I felt that Albert did a really great job of showing how these aspects of River’s and Griffin’s lives have affected them physically, mentally, and emotionally, but also how they play out affect the different relationships around them as well. For Griffin, that means being more careful around his family while trying to be strong and support them in every way they can. And for River, it means surrounding himself with toxic people–until he realizes how toxic they really are–instead of his family who loves and cares for him, as well as traveling as an escape route from the life he still exists in but runs him ragged. Every aspect of their lives are affected, in different ways, and it takes being with each other to see that they need to work on healing themselves first before they can really make a relationship work.
One aspect that I particularly liked was regarding their sexual relationship and happens near the end of the novel. It’s mentioned several times throughout the novel that River doesn’t really care for anal penetration, especially receiving. Within the last few chapters of the novel, he decides to try it with Griffin by riding him. What I appreciated about this scene, and after, is that while River enjoys it very much, he acknowledges that he liked it but that it was likely due to the fact that Griffin ceded all the power and control to him, and that it wasn’t likely to become a regular part of their sex life, but something they might do once in a blue moon. Too often, authors establish physical and sexual boundaries for their characters but ultimately go back on that because the love interest(s) have a Magic Dick/Vagina. I appreciated that Albert retained these boundaries for River.

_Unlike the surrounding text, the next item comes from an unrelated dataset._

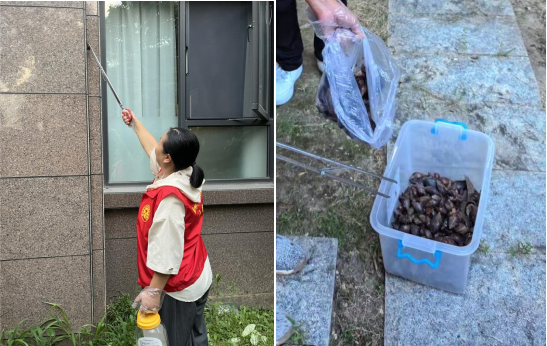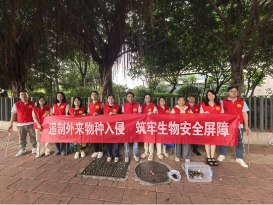 组织本单位10余名志愿者在东部办公区、祥浦苑小区等区域开展清除非洲大蜗牛志愿服务行动,志愿者配备手套、长柄捕虫夹,重点针对绿地、苗圃、墙角、下水道周边等非洲大蜗牛易藏匿区域实施地毯式搜索清理,并对捕获的非洲大蜗牛实施无害化处理。
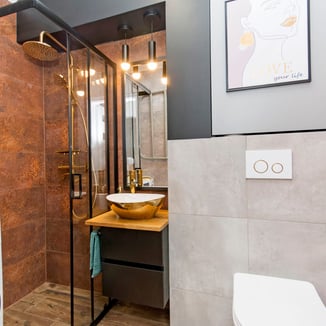 Łazienka zachwyca wyjątkowym wykończeniem – przestronna kabina prysznicowa typu walk-in z deszczownicą i złotą armaturą, nowoczesna umywalka nablatowa oraz wysokiej jakości kafle w ciepłych odcieniach sprawiają, że całość jest jednocześnie elegancka i komfortowa. Elementy w kolorze czerni i drewna podkreślają charakter wnętrza.

Finally, I loved the fact that Griffin is bisexual and River is pansexual! It’s so much more common for at least one of the main characters to be gay that it was really lovely to read about neither of them being monosexual.
Overall, I enjoyed this novel very much and am so excited for the next two books in the trilogy!
Frequent tweeter, professional grammar nerd, and obsessive reader, Annabeth Albert is also a Pacific Northwest romance writer in a variety of subgenres.
Emotionally complex, sexy, and funny stories are her favorites both to read and to write. In between searching out dark heroes to redeem, she works a rewarding day job and wrangles two toddlers.